Proof that statements

i)If $f_1$ and $f_2$ have residues $r_1$ and $r_2$, show that the residue of $f_1+f_2$ at $z_0$ is $r_1+r_2$.

ii)If $f_1$ and $f_2$ have simple poles at $z_0$ show that $f_1f_2$ has a second-order pole at $z_0$. Derive a formule for the residue

I get a little lost in these exercises involving demonstrations, what I tried

i)If $f_1$ have residue $r_1$ then $lim_{z\rightarrow z_0}f_1=r_1$ and similarly, if $f_2$ have residue $r_2$ then $lim_{z\rightarrow z_0}f_2=r_2$, from that I have that $$lim_{z\rightarrow z_0}f_1+f_2=lim_{z\rightarrow z_0}f_1+lim_{z\rightarrow z_0}f_2=r_1+r_2$$

ii)Here I do not quite know what to do, what I tried was, if $f_1f_2$ have pole of second order then $lim_{z\rightarrow z_0}(z-z_0)^2f_1f_2$ exists that I did $$lim_{z\rightarrow z_0}(z-z_0)^2f_1f_2=lim_{z\rightarrow z_0}(z-z_0)f_1*lim_{z\rightarrow z_0}(z-z_0)f_2$$ then $f_1$ and $f_2$ have simple poles.

Someone can correct me?

  • $\begingroup$ -1 for continued abuse of the "self-learning" tag. $\endgroup$ – Henning Makholm May 31 '15 at 18:31
  • $\begingroup$ @HenningMakholm Why I'm abusing of the tag? $\endgroup$ – Roland May 31 '15 at 18:57
  • $\begingroup$ x @askazy: You keep adding it to question that are not about self-learning. $\endgroup$ – Henning Makholm May 31 '15 at 19:01
  • $\begingroup$ @HenningMakholm The process of studying mathematics without formal instruction.
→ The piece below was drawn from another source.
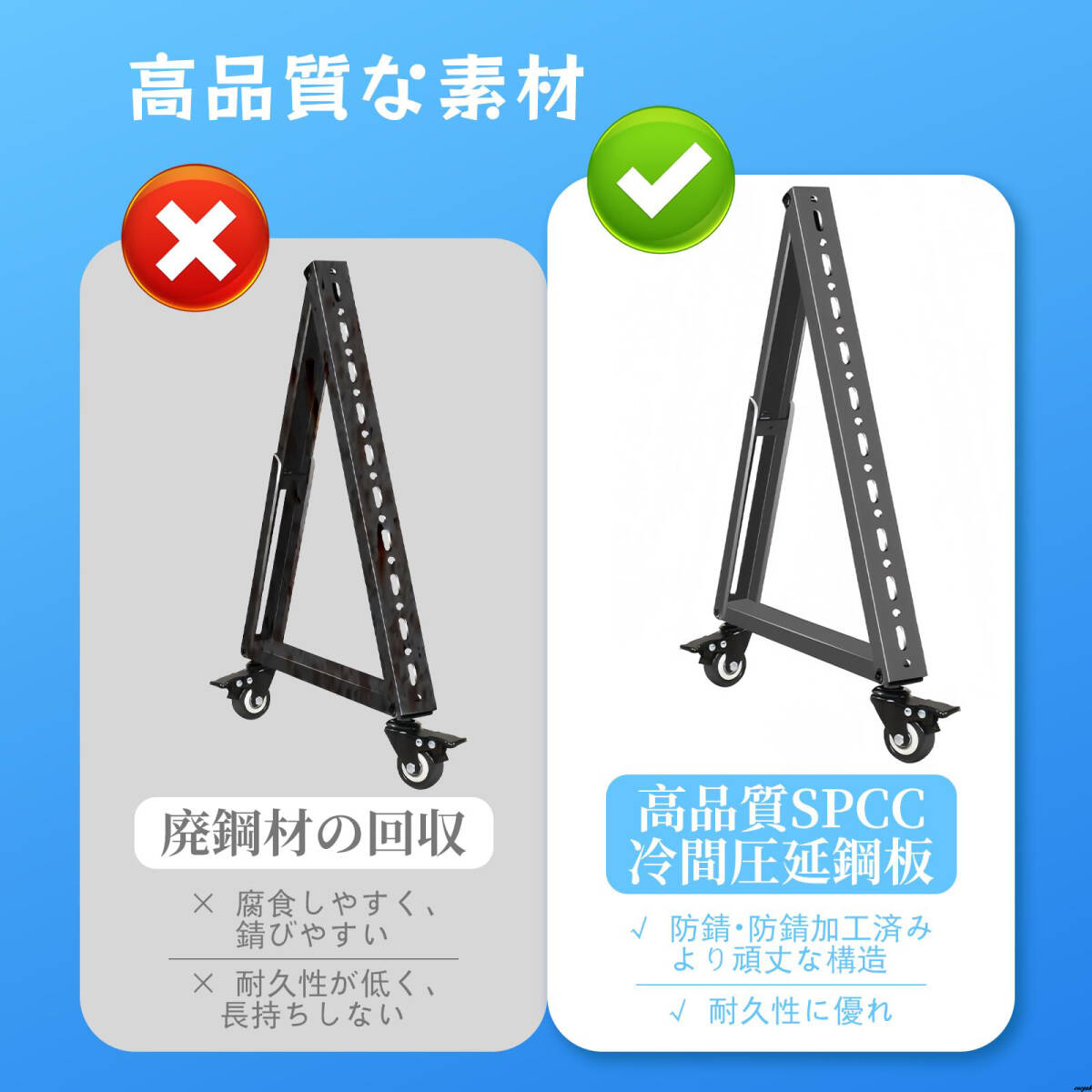 厚いブラケットと冷間圧延鋼管の採用で高い耐久性を実現し、安全にテレビを支えます。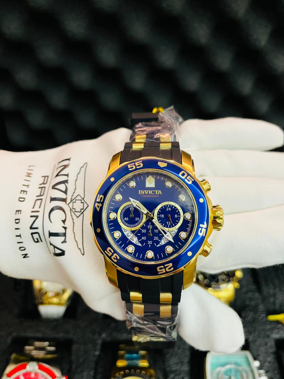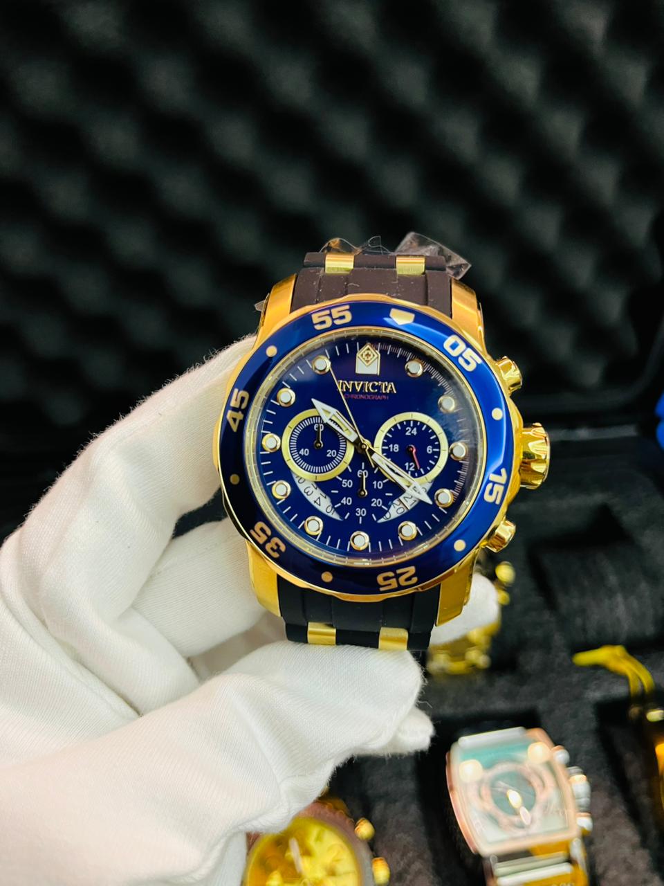 Reloj Invicta Pro Diver Scuba Hombre Dorado Azul Cronógrafo Original Ecuador

It is for self-taught? $\endgroup$ – Roland May 31 '15 at 19:12
  • 1
    $\begingroup$ x @askazy: And none of your question is about the process of studying mathematics without formal instruction. For all I know you may well be doing that, but that doesn't make it what your questions are about. $\endgroup$ – Henning Makholm May 31 '15 at 19:14

It is rather:

i) If $f_1$ has residue $r_1$ then $\lim_{z\rightarrow z_0}(z-z_0)f_1=r_1$ and similarly, if $f_2$ has residue $r_2$ then $\lim_{z\rightarrow z_0}(z-z_0)f_2=r_2$, from that we have that $$\lim_{z\rightarrow z_0}(z-z_0)\times (f_1+f_2)=\lim_{z\rightarrow z_0}(z-z_0)f_1+\lim_{z\rightarrow z_0}(z-z_0)f_2=r_1+r_2.$$


ii) We have $$\lim_{z\rightarrow z_0}(z-z_0)^2f_1f_2=\lim_{z\rightarrow z_0}(z-z_0)f_1\times\lim_{z\rightarrow z_0}(z-z_0)f_2=r_1r_2$$ then $f_1f_2$ has a pole of order $2$ with a residue equal to $r_1r_2$.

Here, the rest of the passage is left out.